▸ Task details: Retype the whole listing below exactly, keeping every picture out of it.

BEGIN

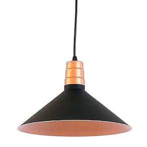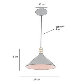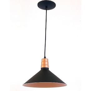 Pendente Chapéu Médio, 1 lâmpada, referência 2732, cor preto/cobre. Seu design moderno permite a utilização deste produto em diversos ambientes internos como para quarto, sala de estar e de jantar, cozinha, banheiro, lavanderia, cabeceira de cama, espaço gourmet, salão de festas, área de serviço, escritório, comércio e varanda. Pode ser utilizado também em ambientes externos, desde que fique ao abrigo do sol, da chuva e da umidade. Informações Técnicas: Cor: Preto/Cobre - Dimensões do produto: 16 cm altura - 13 cm diâmetro canopla – 27 cm de comprimento - Cabo PP 1m. Tipo de Soquete: E27 - BIVOLT (110/220V). Quantidade de Lâmpadas: 01 LED ou PAR20 - Potência máxima 20W - Não acompanha Lâmpada - Não possui LED integrado - Não necessita montagem - Fácil instalação. Material: Alumínio - Garantia 90 dias após emissão da nota ao consumidor Acabamento: Alumínio Acompanha Lâmpada: Não Altura: 116 Ambiente de Iluminação: Interno Ambiente Principal: Sala de Jantar Comprimento: 116 Comprimento do Cabo: 100 Cor: Preto Cor do Acabamento: Cobre Cor do Produto: Preto Formato: Cúpula Largura: 27 Material Principal: Alumínio Origem do Produto: Nacional Peso: 0.4 Profundidade: 27 Quantidade de Itens: 1 Quantidade de Lâmpadas: 1
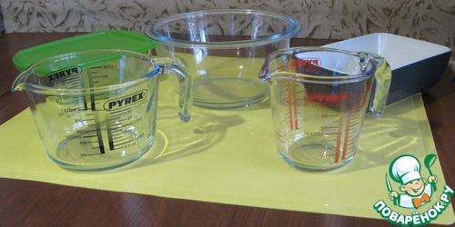 Далее посудка от фирмы «Pyrex». Я очень долго искала стеклянный мерный кувшин, чтоб можно было отмерять и греть молоко в микроволновке - в магазинах сплошь пластмасса одна продается. Вот мама из родного города по заказу привезла, тоже поискать пришлось. Потом уже в магазинах я присмотрелась к другой продукции этой фирмы, и мне очень понравилось качество их изделий из стекла и керамики.
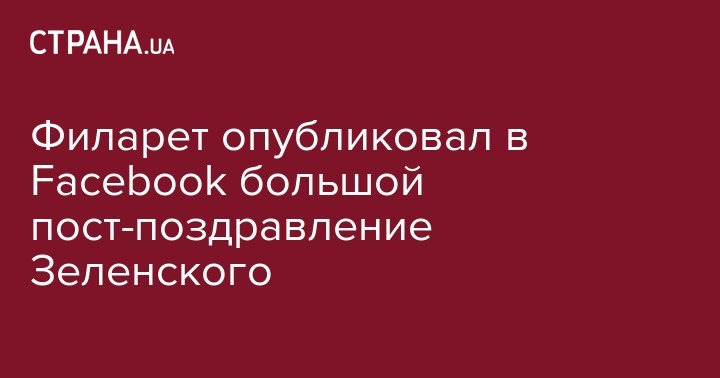 Филарет опубликовал в Facebook большой пост-поздравление Зеленского
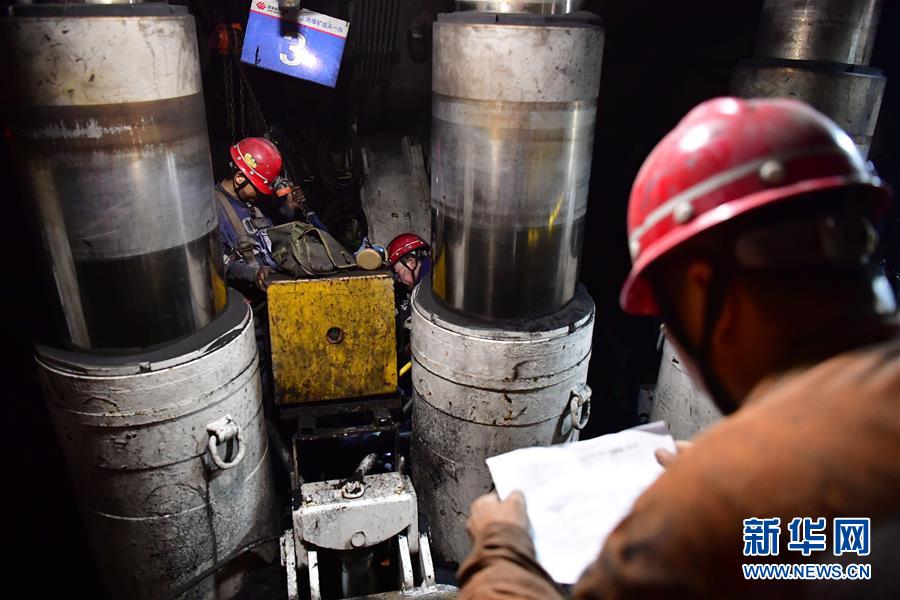 11月26日,在上灣煤礦12402綜采面內,工作人員對照清單檢修液壓支架。 新華社記者 邵瑞 攝
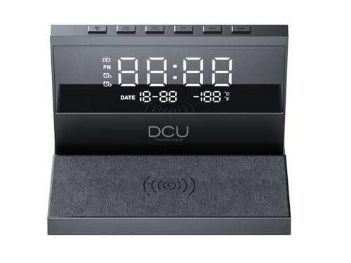 DCU TECNOLOGIC - Skrivbordsväckarklocka - trådlös snabbladdning - Justerbar nattlampa - 2 anpassningsbara larm
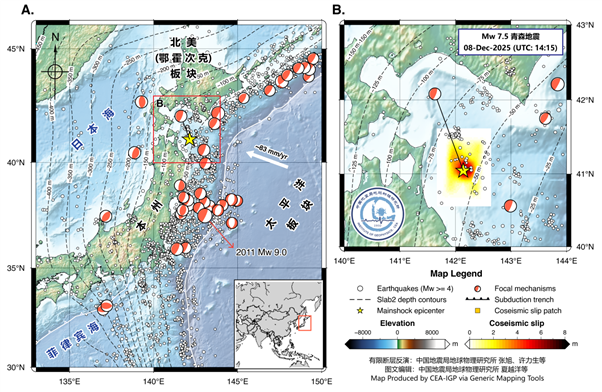 震源機(jī)制和震源深度表明,該震很可能發(fā)生在太平洋板塊向西北俯沖至鄂霍茨克微板塊(通常被視為北美板塊體系的一部分)之間的板間界面上,為匯聚型板塊邊界的大型逆沖事件。初步有限斷層反演結(jié)果(張旭、張勇、許力生、陳運(yùn)泰等)顯示,主要滑移集中在板間界面中深部(圖1 B),遠(yuǎn)離海溝淺部界面,因此僅在近場產(chǎn)生中小規(guī)模海嘯,未出現(xiàn)2011年日本東北大地震那樣的巨大海嘯。本州島位于鄂霍茨克微板塊上盤,此處太平洋板塊以約83mm/yr的速率俯沖,海溝前緣洋殼年齡約130–140 Ma,屬冷而老的洋殼,是全球收斂速率較高的俯沖帶之一。

END

▸ Your solution:
 Pendente Chapéu Médio, 1 lâmpada, referência 2732, cor preto/cobre. Seu design moderno permite a utilização deste produto em diversos ambientes internos como para quarto, sala de estar e de jantar, cozinha, banheiro, lavanderia, cabeceira de cama, espaço gourmet, salão de festas, área de serviço, escritório, comércio e varanda. Pode ser utilizado também em ambientes externos, desde que fique ao abrigo do sol, da chuva e da umidade. Informações Técnicas: Cor: Preto/Cobre - Dimensões do produto: 16 cm altura - 13 cm diâmetro canopla – 27 cm de comprimento - Cabo PP 1m. Tipo de Soquete: E27 - BIVOLT (110/220V). Quantidade de Lâmpadas: 01 LED ou PAR20 - Potência máxima 20W - Não acompanha Lâmpada - Não possui LED integrado - Não necessita montagem - Fácil instalação. Material: Alumínio - Garantia 90 dias após emissão da nota ao consumidor Acabamento: Alumínio Acompanha Lâmpada: Não Altura: 116 Ambiente de Iluminação: Interno Ambiente Principal: Sala de Jantar Comprimento: 116 Comprimento do Cabo: 100 Cor: Preto Cor do Acabamento: Cobre Cor do Produto: Preto Formato: Cúpula Largura: 27 Material Principal: Alumínio Origem do Produto: Nacional Peso: 0.4 Profundidade: 27 Quantidade de Itens: 1 Quantidade de Lâmpadas: 1
 Далее посудка от фирмы «Pyrex». Я очень долго искала стеклянный мерный кувшин, чтоб можно было отмерять и греть молоко в микроволновке - в магазинах сплошь пластмасса одна продается. Вот мама из родного города по заказу привезла, тоже поискать пришлось. Потом уже в магазинах я присмотрелась к другой продукции этой фирмы, и мне очень понравилось качество их изделий из стекла и керамики.
 Филарет опубликовал в Facebook большой пост-поздравление Зеленского
 11月26日,在上灣煤礦12402綜采面內,工作人員對照清單檢修液壓支架。 新華社記者 邵瑞 攝
 DCU TECNOLOGIC - Skrivbordsväckarklocka - trådlös snabbladdning - Justerbar nattlampa - 2 anpassningsbara larm
 震源機(jī)制和震源深度表明,該震很可能發(fā)生在太平洋板塊向西北俯沖至鄂霍茨克微板塊(通常被視為北美板塊體系的一部分)之間的板間界面上,為匯聚型板塊邊界的大型逆沖事件。初步有限斷層反演結(jié)果(張旭、張勇、許力生、陳運(yùn)泰等)顯示,主要滑移集中在板間界面中深部(圖1 B),遠(yuǎn)離海溝淺部界面,因此僅在近場產(chǎn)生中小規(guī)模海嘯,未出現(xiàn)2011年日本東北大地震那樣的巨大海嘯。本州島位于鄂霍茨克微板塊上盤,此處太平洋板塊以約83mm/yr的速率俯沖,海溝前緣洋殼年齡約130–140 Ma,屬冷而老的洋殼,是全球收斂速率較高的俯沖帶之一。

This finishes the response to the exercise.